This was part of the announcement but I don't know that we mean with this. I couldn't find anything about this on the "What's New in MySQL 5.1" page. I assume this refers to the SHOW PROFILE patch from MySQL 5.0 community which is now in MySQL 5.1

Logging to tables:

This major feature is unfortunately so slow (30% + slowdown) that it's unusable for busy sites. Ref: Bug #30414: "Slowdown (related to logging) in 5.1.21 vs. 5.1.20". I assume this was why it was left out from the MySQL announcement of MySQL 5.1

Some general crashing/wrong data bugs (not all, just enough to prove a point):
  • Bug #40770 Server Crash when running with triggers including variable settings (rpl_sys)
  • Bug #37016 TRUNCATE TABLE removes some rows but not all
Most if not alll of the above are things that could and should be been fixed before 5.1 was declared as "GA". Note that this was just a short list of known bugs to prove a point. The real list of serious bugs is much longer. To know if a features is stable enough for your usage, please check the features you plan to use in the MySQL bugs system!

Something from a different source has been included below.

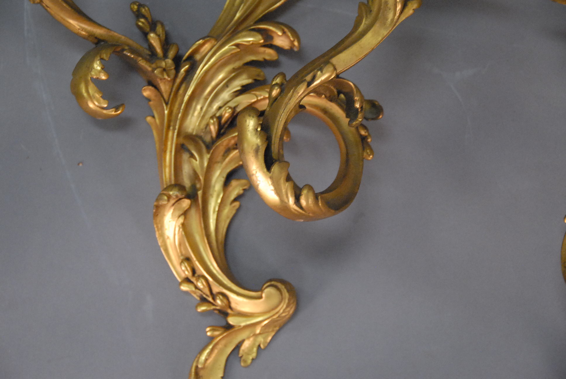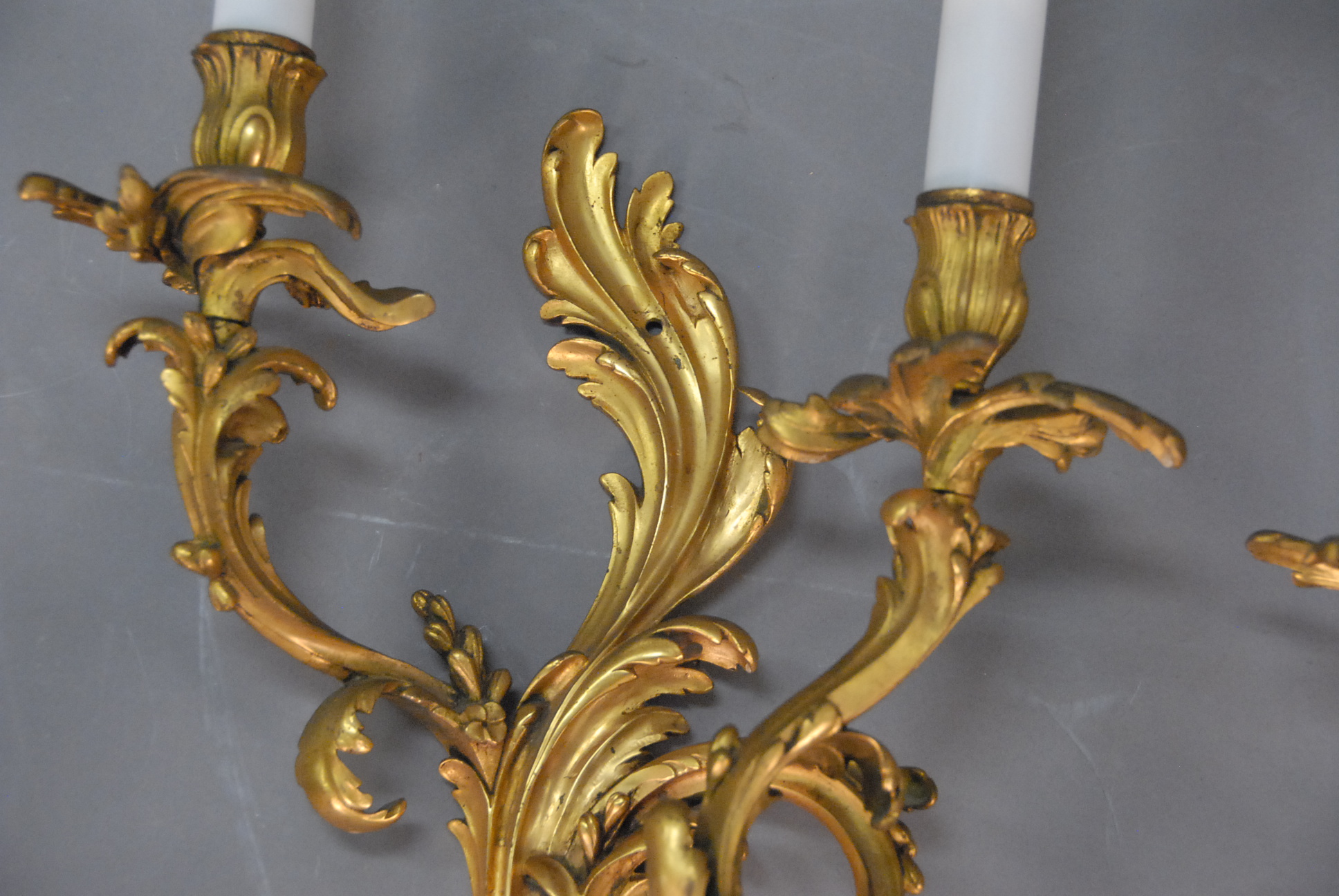 Pair of Louis XV gilt bronze two-light wall sconces, 18th/19th century. ht. 17in. wd. 13in.

So what went wrong with MySQL 5.1 ?

This is surprisingly not because our developers don't do a good job. On the contrary we have an excellent dedicated team of developers that are very good in what they are doing. However, even an excellent team can't work if the conditions are not right.

Here follows some of the main reasons why MySQL development department again
got a quality problem with a GA release:
  • MySQL 5.1 was declared beta and RC way too early. The reason MySQL 5.1 was declared RC was not because we thought it was close to being GA, but because the MySQL manager in charge *wanted to get more people testing MySQL 5.1*. This didn't however help much, which is proved by the fact that it has taken us 14 months and 7 RC's before we could do the current "GA". This caused problems for developers as MySQL developers have not been able to do any larger changes in the source code since February 2006!
  • We have changed the release model so that instead of focusing on quality and features our release is now defined by timeliness and features. Quality is not regarded to be that important. To quote Mårten Mickos: "MySQL 5.1 will be release as GA in or before December because I say so". Mårten's reasons for this is that he needs something he can sell and a release marked "GA" is much easier to sell than a release marked "RC".
  • The MySQL core developers have been split into too many teams and only a small part of the core developers have been working on MySQL 5.1 to get the bugs fixed. Some of the core developers have also recently left the MySQL organization which is a serious issue as there is not many of of them.
  • Too many new developers without a thorough knowledge of the server have been put on the product trying to fix bugs. This in combined with a failing review process have introduced of a lot new bugs while trying to fix old bugs.
  • Bug fixing and development processes are not systematic and not persistent.
  • We have not been giving the MySQL community enough opportunities to test MySQL 5.1 (too few releases). The reason few releases was made was that if we would have done a release every month, as we have done in the past, we would have got 14 RC releases which would have looked silly and proved that the first RC was made too early. In addition, the MySQL current development model doesn't in practice allow the MySQL community to participate in the development of the MySQL server.
  • The MySQL organization doesn't have a release criteria for the MySQL server that is followed; Both the external one and the internal one have not been followed when it comes to declaring MySQL 5.1 as GA. You can read more about our release policy in Kaj's blog.
  • Internal QA on the MySQL server was started very late in the process. Now when the process have started to show results, the found bugs have largely being ignored as fixing these they would delayed the MySQL 5.1 GA date.
  • The MySQL server team have a bug fixing policy where a bug that has existed a long time has a lower priority 'because people know about them'. This is supposedly one of the reasons why the Bug#989 mentioned above has not been fixed.
One would have thought that MySQL AB (now the MySQL department at Sun) should have learned something from our too early release of MySQL 5.0 but unfortunately this is not the case. The main argument I have heard for why MySQL 5.1 was declared as GA now is that it's better than MySQL 5.0 was when it was declared as GA. In my opinion, this is not a good reason to declare something GA, especially as 5.0 GA was in terrible shape when it was released. What is worse is that the new features in MySQL 5.1 are of no better quality than new features in MySQL 5.0 was at the time MySQL 5.0 was declared GA.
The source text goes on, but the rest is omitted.